De nieuwe regering van Portugal zet zich in voor de ontwikkeling van offshore windenergie en beschouwt ook het "repoweren" van windmolenparken aan land en het bevorderen van zonneprojecten, inclusief kleinschalige projecten, als een prioriteit, zei de minister van Milieu op maandag.

Maria da Graca Carvalho zei dat de regering in juli enkele details van haar offshore windenergiebeleid zou bekendmaken, terwijl investeerders wachten op richtlijnen voor een geplande belangrijke licentieactie die vorig jaar onder de vorige regering werd aangekondigd.

De vorige regering had de aangeboden capaciteit in wat de eerste offshore windveiling van het land zou worden, vastgesteld op 2 gigawatt (GW). De nieuwe regering heeft niet gezegd of ze die capaciteit zal blijven aanbieden en het is niet duidelijk wanneer de veiling zal plaatsvinden.

"Sommige van onze aanwijzingen (over het beleid) zullen voor het zomerreces (van de regering) klaar zijn... dus in juli zullen we nieuws aankondigen," vertelde Graca Carvalho op een energietop in Lissabon.

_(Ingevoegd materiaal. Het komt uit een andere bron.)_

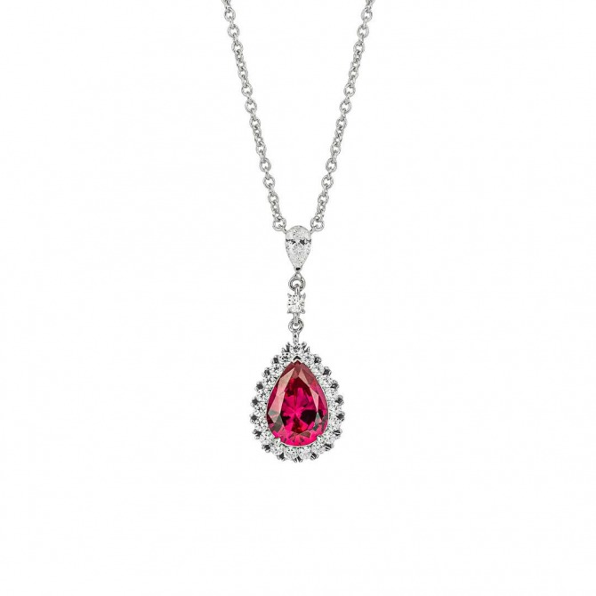 This regal teardrop and pave surround drop necklace is perfect for adding a pop of colour to your outfit! Set with ruby red and clear Diamonfire zirconia stones (total 2.72ct) and featuring an extendable chain length of 40cm-45cm, this necklace will make a wonderful gift for anyone who loves to feature a colourful sparkle in their style. Why not complete the look with the matching earrings and ring for a co-ordinated approach.
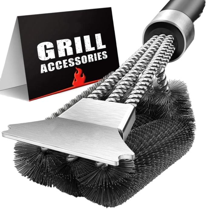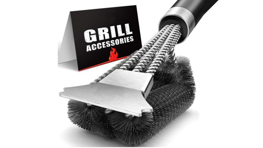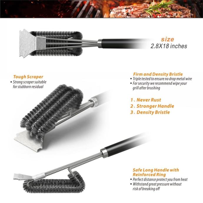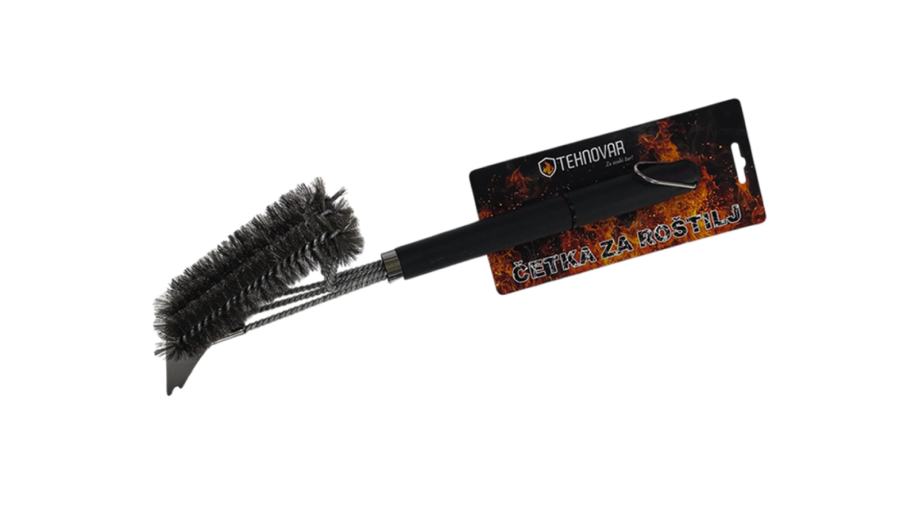 Četka za roštilj s troglavom glavom četke i kratkom drškom. S ovom četkom možete brzo i snažno očistiti rešetke roštilja.
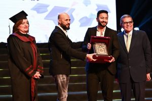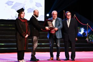 كما تم تكريم صوت مصر الأصيل النجمة شيرين شيرين عبد الوهاب التى ظهرت بإطلالة ساحرة خطفت بها أنظار الحضور، وأشعلت الحفل بأغانيها المتميزة منها “ماشربتش من نيلها” و”يا معافر”، وحرصت على تهنئة الطلاب ومداعبتهم وتوجيه الشكر لجامعة مصر للعلوم والتكنولوجيا ورئيس مجلس الأمناء خالد الطوخى، كما احتفى حمادة هلال بالخريجين وغنى أغنيته الشهيرة “والله وعملوها الرجالة” وسط تصفيق حاد من الطلبة وأهاليهم وعلق قائلا :”سعيد اني موجود معاكم وتحية لكل قيادات الجامعة والتحية أيضا لكل طلاب مصر”.
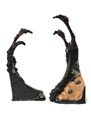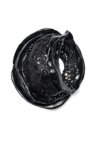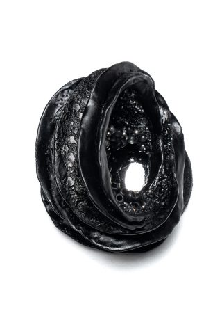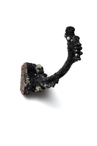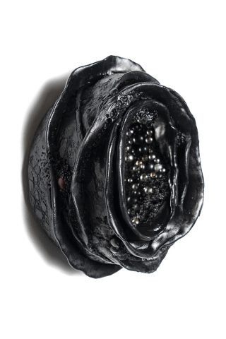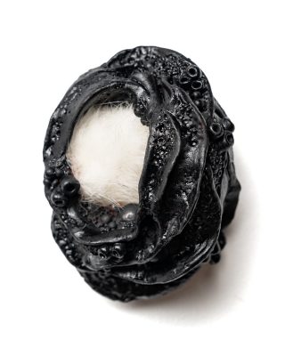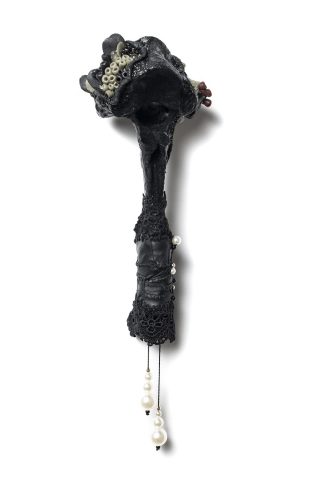 Epoxy clay, glass spheres, pearl beads, gold beads, ball bearings, upholstery thread, Ovis aries rib, flocking, ink
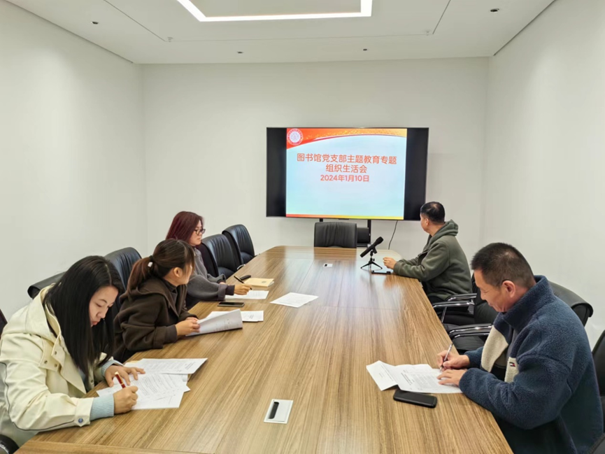 1月10日上午,图书馆党支部在图书馆五楼会议室召开主题教育专题组织生活会。会议由图书馆党支部书记董志强主持,全体党员参加。
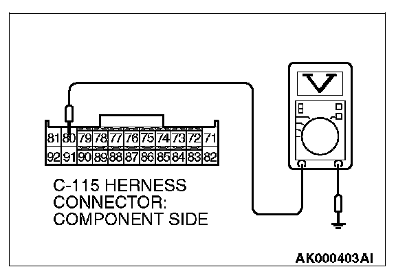 STEP 6. Measure the backup power supply voltage at ECM harness side connector C-115.
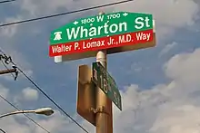 - ↑ "Part of Wharton Street renamed for noted physician, WURD founder Walter P. Lomax Jr". The Philadelphia Tribune. 26 August 2021. Retrieved 30 August 2021.
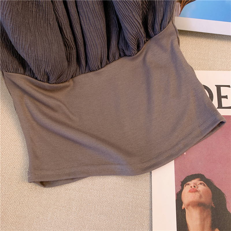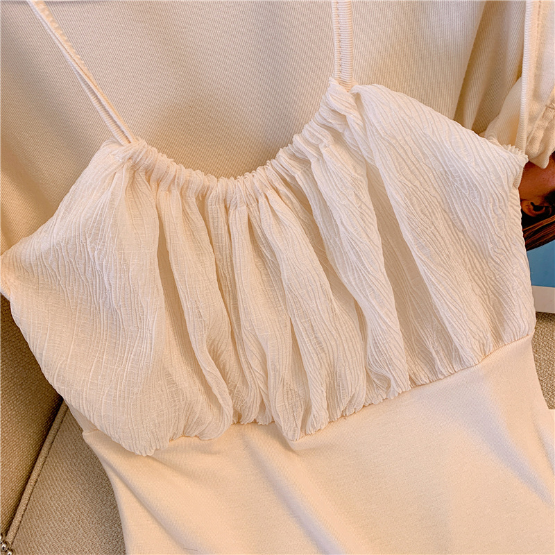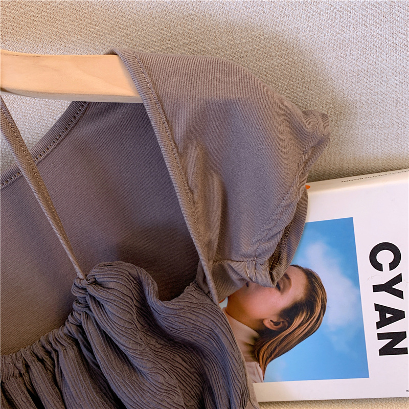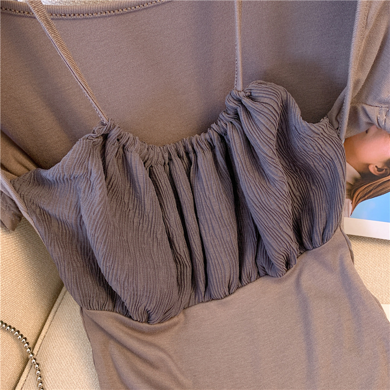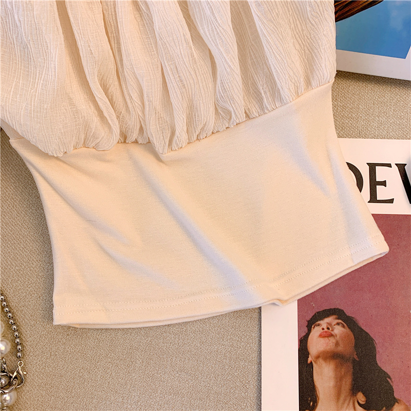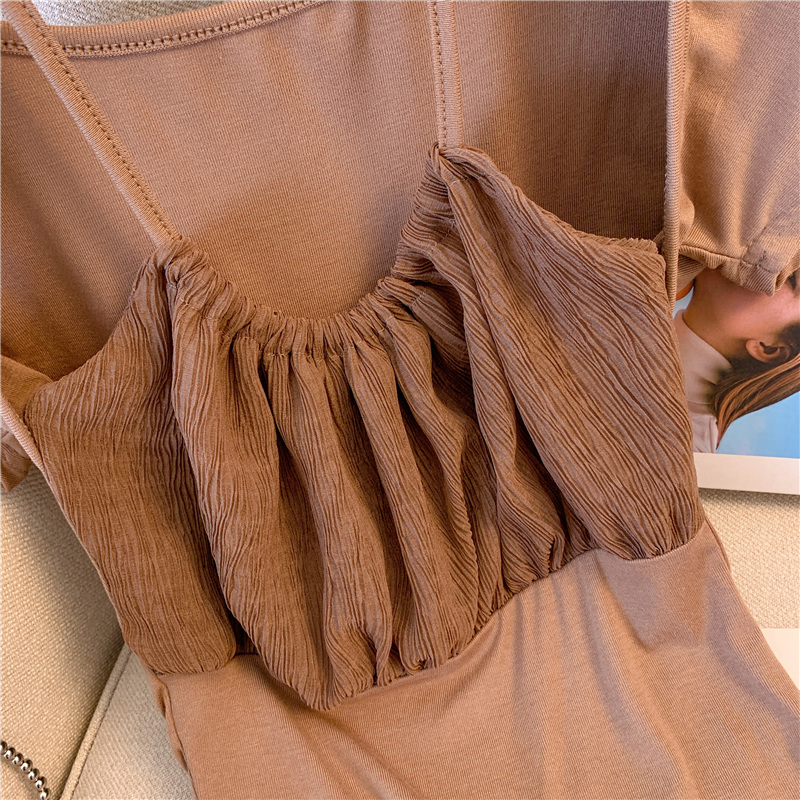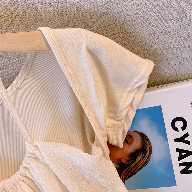 实拍纯欲短袖T恤女2023夏季修身显瘦挂脖吊带小众拼接辣妹上衣潮

Portugal heeft al een klein drijvend windproject van 25 megawatt voor de Atlantische kust, dat eigendom is van Ocean Winds, een joint venture tussen Portugals grootste nutsbedrijf EDP en het Franse bedrijf Engie.

Een aantal andere nutsbedrijven heeft mogelijke interesse getoond in de veiling, waaronder het Duitse BayWa, het Iers-Spaanse consortium IberBlue Wind, fondsbeheerder Copenhagen Infrastructure Partners en een joint venture tussen het Portugese Galp en het Franse TotalEnergies.

Naar verwachting zullen drijvende windmolenparken in diepe wateren worden geïnstalleerd, waar de wind sterker en constanter is, waardoor er meer stroom kan worden opgewekt dan bij windmolenparken die op de zeebodem of aan land zijn bevestigd.